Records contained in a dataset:
--- START ---
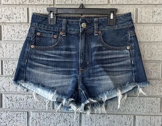 American Eagle Hi-Rise Festival Jean Shorts Dark Blue Wash Raw hem Whiskering Peek a boo pockets E... Show more
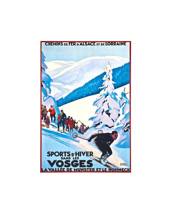 En fantastisk vintage-tavla som hyllar vintersportens charm i de natursköna Vogeserna. Den ikoniska illustrationen fångar skidåkare och vandrare som njuter av de snöklädda bergen i Alsace och Lorraine, med dramatiska färgkontraster som skapar en känsla av rörelse och gemenskap. En perfekt tavla för retrodesign-älskare och de som uppskattar alpina landskap.
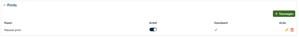 Bij ieder template heb je de mogelijkheid een print-template toe te voegen waarmee je bepaalt wat je wel en niet terug wilt zien in de print. Een print template is niet verplicht. Wanneer je deze Actief en Standaard maakt zal EduMaps gebruikmaken van dit print-template, tenzij je voor een ander template kiest.
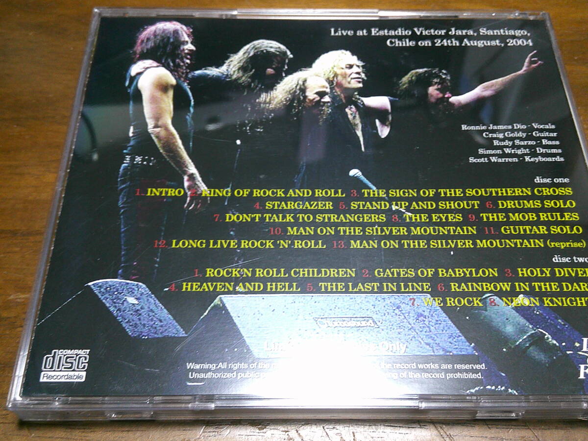 2004/8/24に行われたライブを収録した作品です。サバスやレインボーの楽曲を含め素晴らしい演奏で聴かせてくれます。中古盤ですが再生に支障があるような傷汚れはありません。
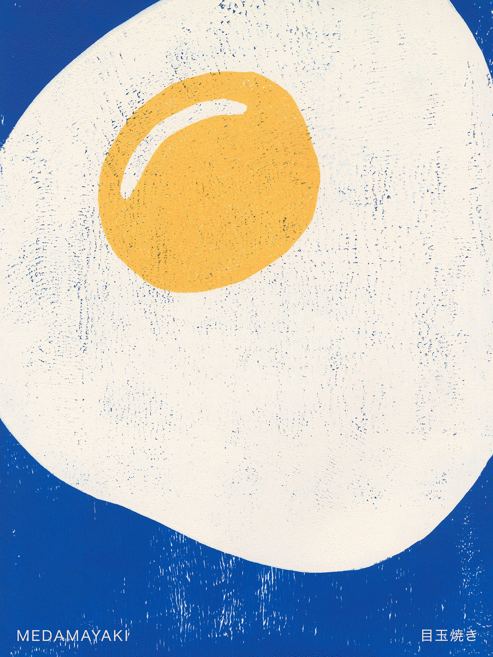 A simple illustration print of a fried egg with a bright yellow yolk on a blue background. Perfect wall art for your kitchen!
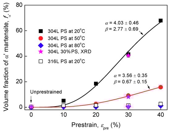 Volume fraction of α′ obtained by Feritscope for 304L and 316L specimens un-prestrained and prestrained (PS) at different temperatures. The fitting curves based on the relation proposed by Olson and Cohen [] are also depicted: , where n is a fixed exponent having a value of 4.5, and and are temperature-dependent parameters, which decrease with increasing temperature, in agreement with [].
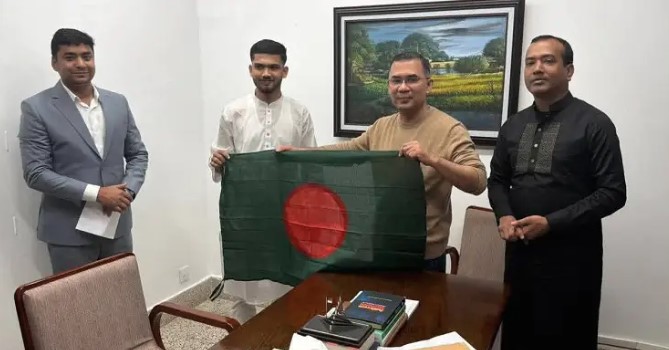 দেশচিন্তা ডেস্ক: ছাত্র-জনতার অভ্যুত্থানের সময় দেশব্যাপী শিক্ষার্থীদের ওপর গুলিবর্ষণের নির্মম বাস্তবতার মধ্যেই জাতীয় পতাকা হাতে নিয়ে প্রতিবাদের প্রতীক হয়ে উঠেছিলেন ছাত্রদল কর্মী মুত্তাকিন। সেই আন্দোলনের স্মারক হিসেবে ঐতিহাসিক সেই জাতীয় পতাকা বিএনপি চেয়ারম্যান তারেক রহমানের হাতে তুলে দিয়েছেন তিনি।
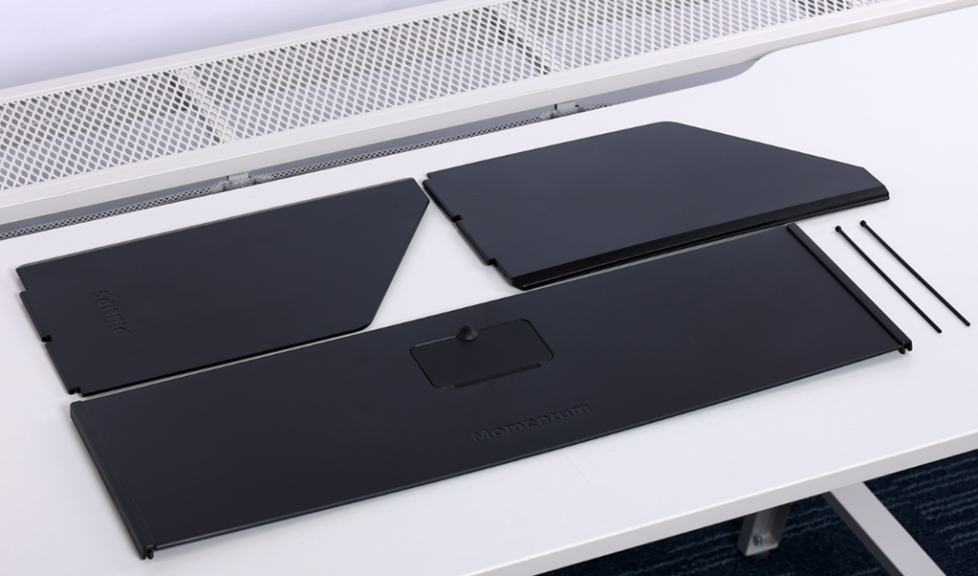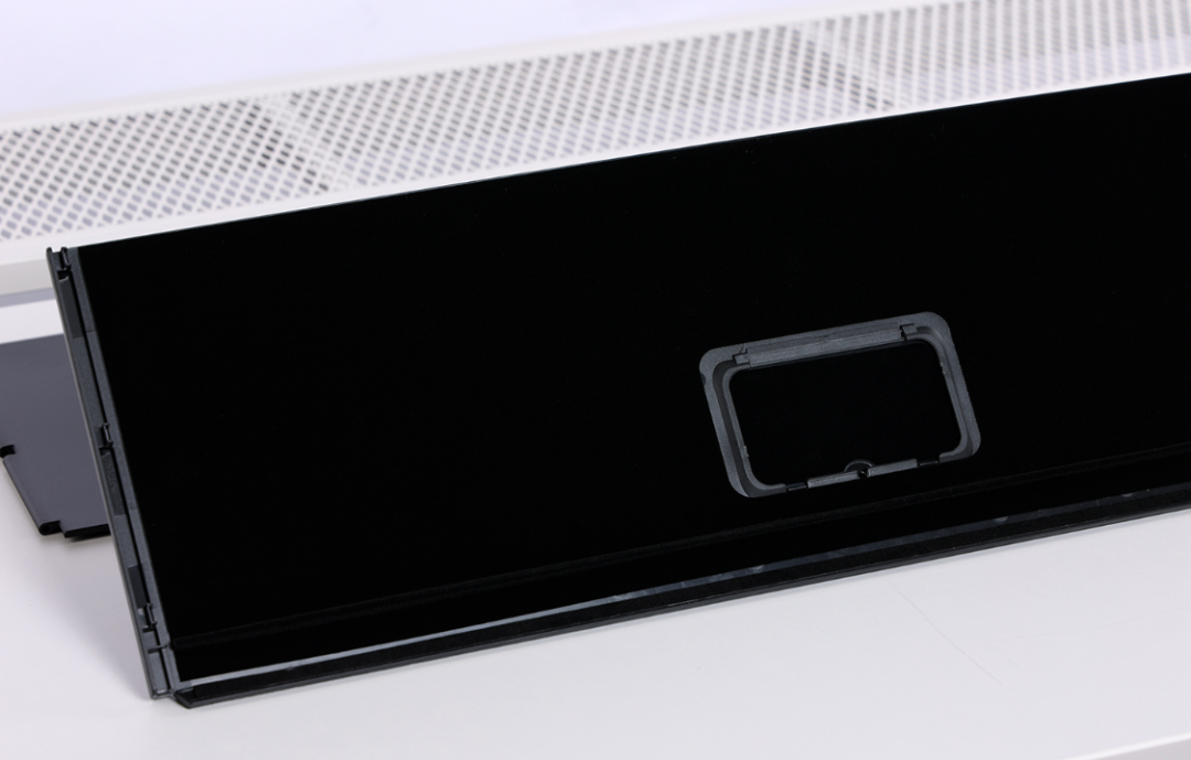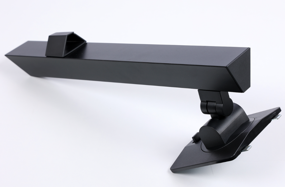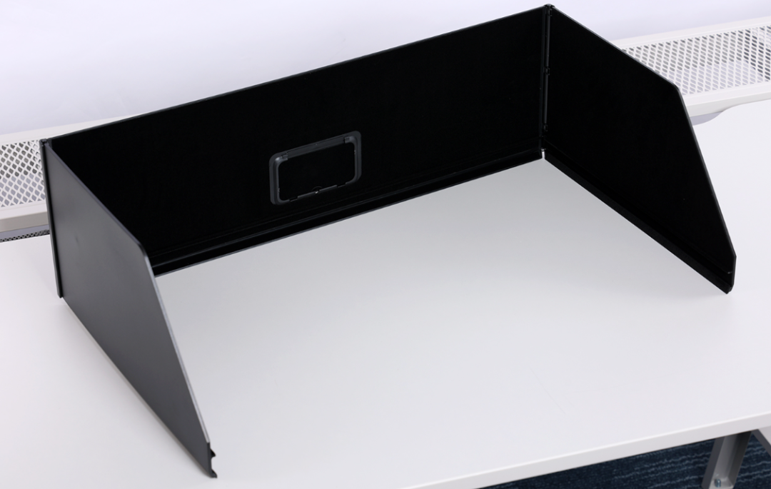 整个遮光罩分为三块遮光板,其中,在顶部遮光板的中部还设计了一块用于安装校色仪的掀盖式开窗。两侧的遮光板则通过配件盒中配备的金属插销杆与遮光板上的卡榫连接固定在一起;
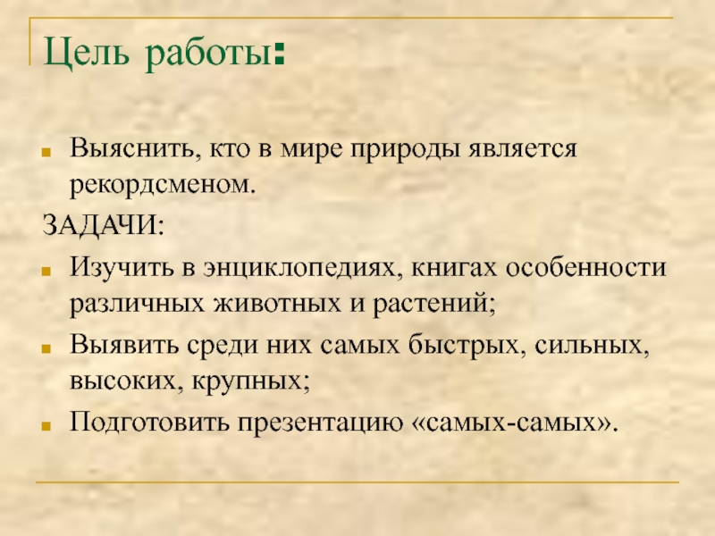 Цель работы:Выяснить, кто в мире природы является рекордсменом.ЗАДАЧИ:Изучить в энциклопедиях, книгах особенности различных животных и растений;Выявить среди них самых быстрых, сильных, высоких, крупных;Подготовить презентацию «самых-самых».
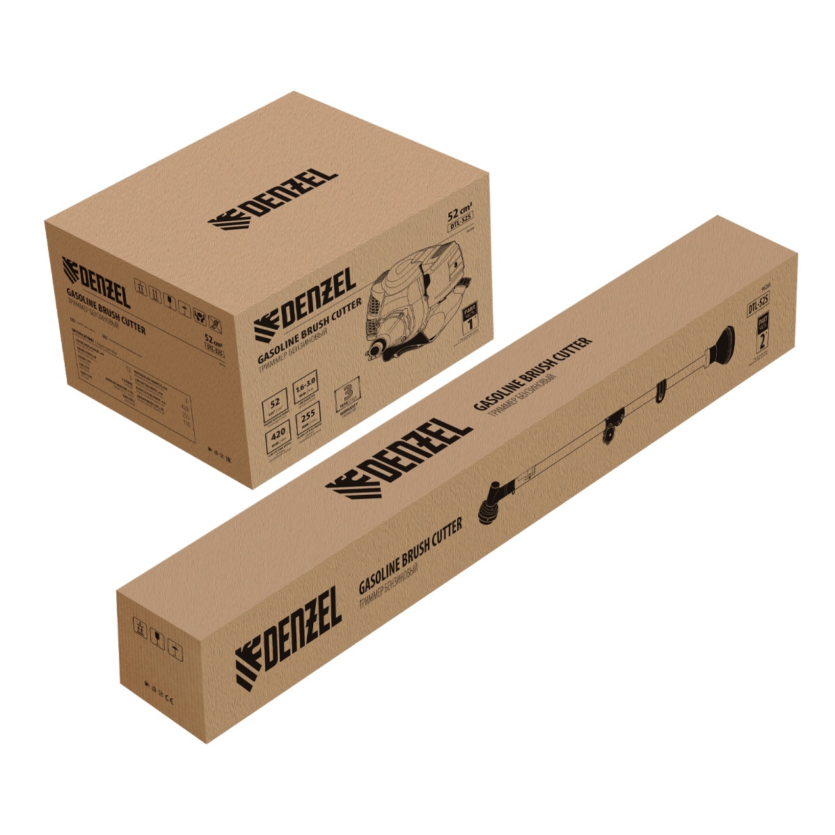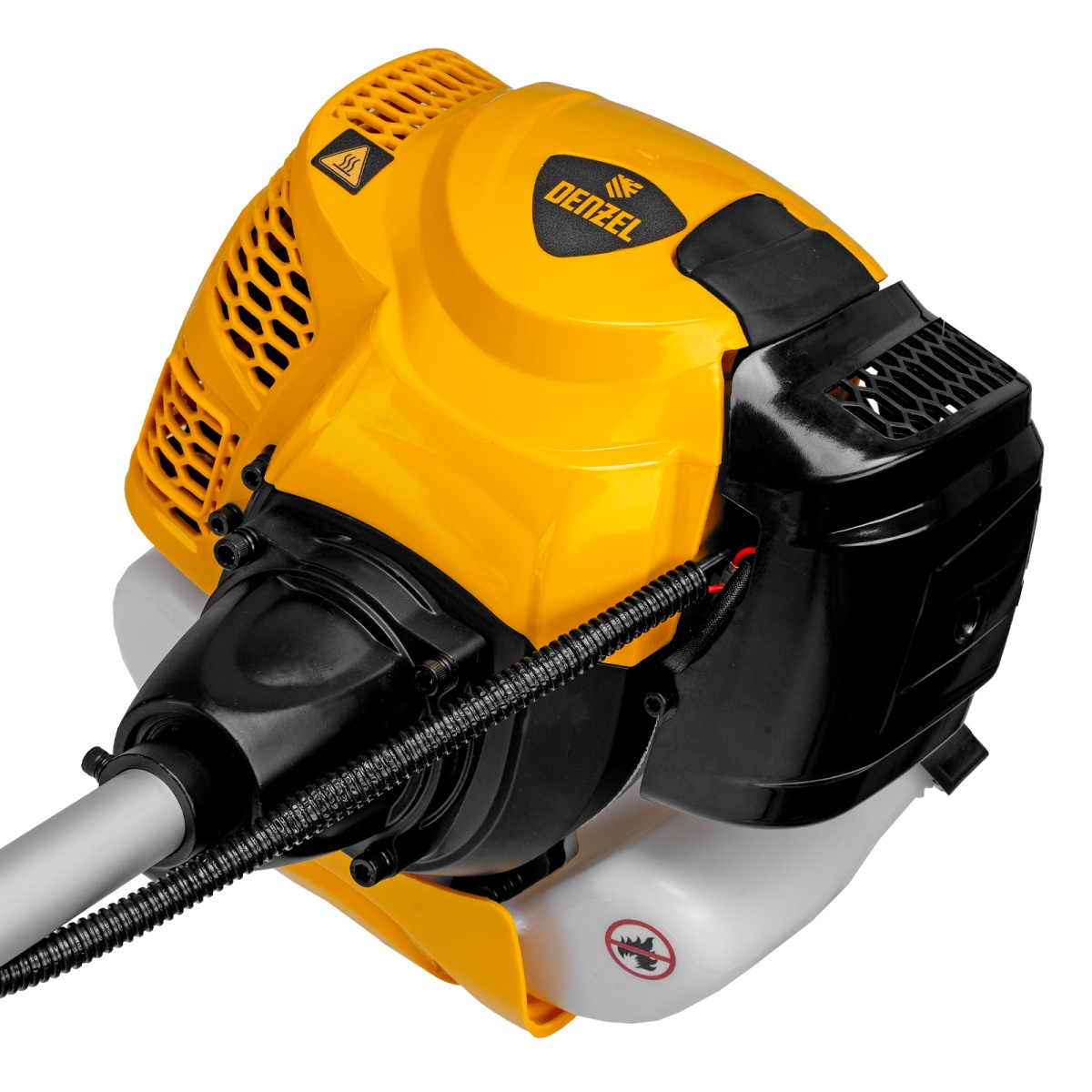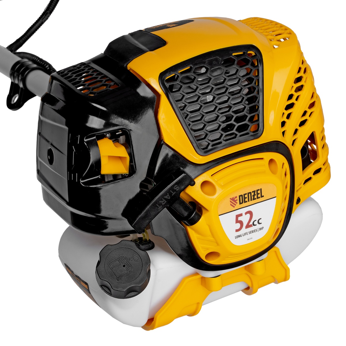 Бензиновый триммер Denzel DTL-52S предназначен для стрижки газонной травы, удаления зарослей на участке, подпиливания небольших кустов и побегов деревьев. Он комплектуется усиленной полиамидной катушкой с леской и пильным ножом из высокопрочной стали. Триммер комплектуется 2 оснастками: режущей леской и пильным диском, они обеспечивают ширину скашивания 25,5 см и 42 см.Объем двухтактного двигателя мощностью 3 л.с. увеличен до 52 см3, а бензобак вмещает в себя 1,2 л топливной смеси. Триммер работает без подключения к электросети, поэтому подходит для скашивания влажной травы и работы на отдаленных от дома участках. Преимущества:Цилиндр двигателя покрыт пористым хромом и хонингован, это повышает ресурс поршневой группы в несколько раз.Бензин и смазочное масло смешиваются в удобном дозаторе (входит в комплект) и заливаются в один бак.Прозрачные стенки топливного бака облегчают контроль уровня топлива. Такое решение позволяет минимизировать риск работы двигателя вхолостую.Клавиша блокировки газа не дает оператору случайно включить триммер, защищая его от травм.Длина режущей лески увеличивается при необходимости легким ударом шпули о землю. Такая полуавтоматическая система подачи экономит время оператора, т.к. не требует отключения двигателя.Небольшой нож на защитном кожухе предназначен для обрезания лески в случае, если ее длина превышает максимально допустимую. Таким образом обеспечивается защита двигателя от лишней нагрузки и перегрева.Защитный кожух предотвращает отскакивание веток и камней на оператора.Опция быстрой замены оснастки позволяет сэкономить рабочее время и оперативно подстроиться под участки со сложным рельефом.Эргономичная велосипедная рукоятка имеет асимметричную форму, поэтому ее удобно удерживать в руках даже при долгой эксплуатации.Качественная балансировка триммера позволяет с комфортом маневрировать даже на сложных участках, при этом устройство не заваливается в стороны.Разборная штанга триммера позволяет компактно разместить его в транспортном средстве и месте хранения.Плечевой ремень с защитой бедра снимает часть нагрузки с рук оператора и защищает ногу, с которой соприкасается триммер.Оптимизированная антивибрационная система гасит вибрации, поэтому работать даже долгое время можно без вреда для здоровья.Небольшой вес триммера 7.8 кг делает простым его перемещение.Гарантия на триммер увеличена до трех лет, а средний срок службы составляет минимум 5 лет.
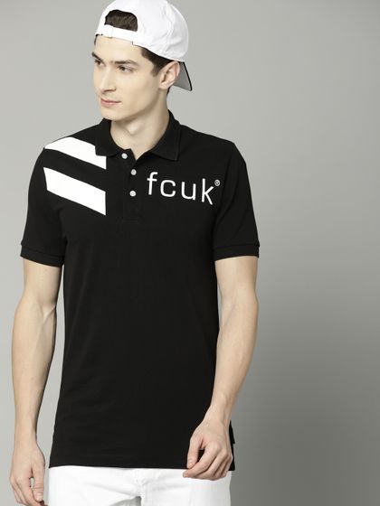 Buy French Connection Men Black Printed Polo Collar T Shirt Tshirts For Men Myntra
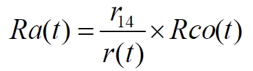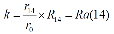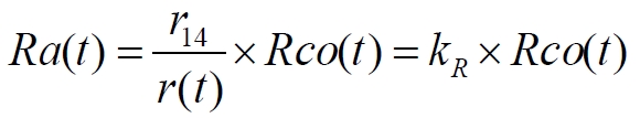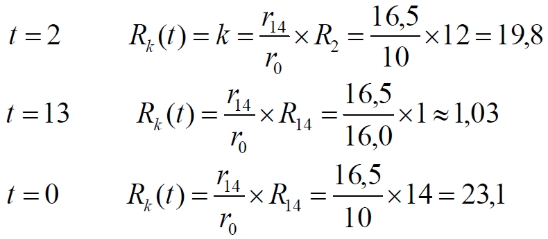 Здесь, r0(t) и r14 – удалённость от сверхновой в момент вспышки t и в момент наблюдения вспышки в наши дни, а R14 – кажущаяся наблюдаемая удалённость сверхновой, вспыхнувшей в момент t. По сути, этот коэффициент и является действительной удалённостью Rk(t) = Ra(t). Проверим по рисунку уравнения на осмысленность. Находим для дальней, ближайшей и самой дальней сверхновых:
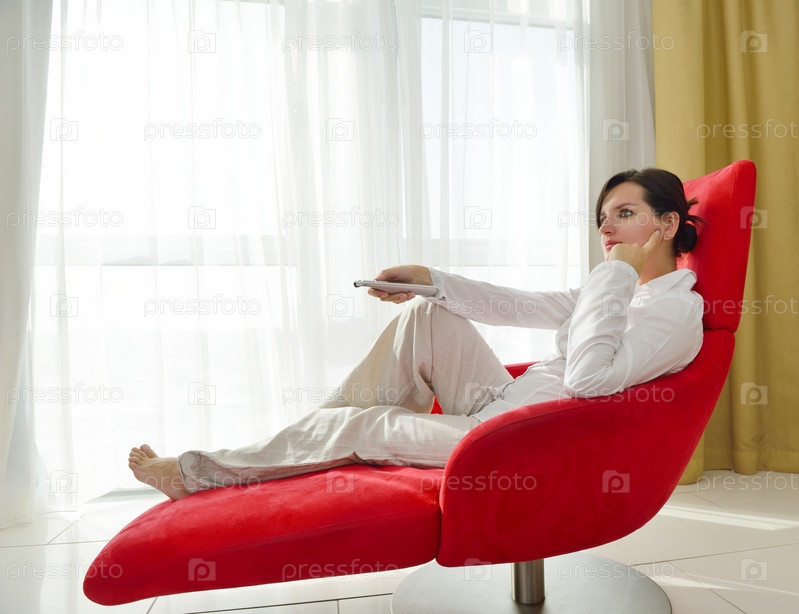 Молодая женщина смотрит телевизор
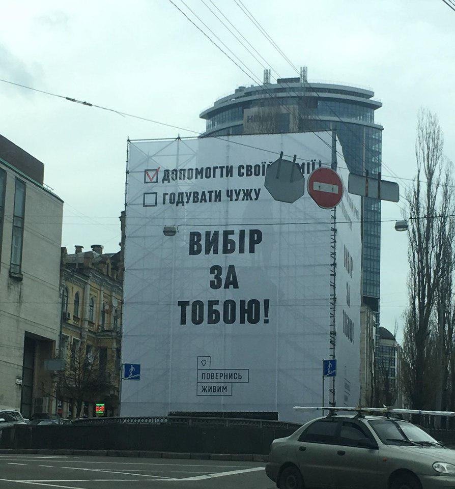 Так, на плакатах изображены пункты для голосования: «помогать своей армии» или «кормить чужую», при этом галочка стоит напротив первого пункта. Центральное место на плакате занимает слоган: «Выбор за тобой», внизу расположена подпись: «Повернись живим» и логотип. Они указывают на то, что установил баннеры одноименный благотворительный фонд, который существует в Украине с 2014 года.
--- END ---
● **Task objective**
Give back exactly the lines above that run from the one with "整个遮光罩分为三块遮光板,其" to the one with "Цель работы:Выяснить, кто", including both, with the pictures left out.

● **Result of this task**
 整个遮光罩分为三块遮光板,其中,在顶部遮光板的中部还设计了一块用于安装校色仪的掀盖式开窗。两侧的遮光板则通过配件盒中配备的金属插销杆与遮光板上的卡榫连接固定在一起;
 Цель работы:Выяснить, кто в мире природы является рекордсменом.ЗАДАЧИ:Изучить в энциклопедиях, книгах особенности различных животных и растений;Выявить среди них самых быстрых, сильных, высоких, крупных;Подготовить презентацию «самых-самых».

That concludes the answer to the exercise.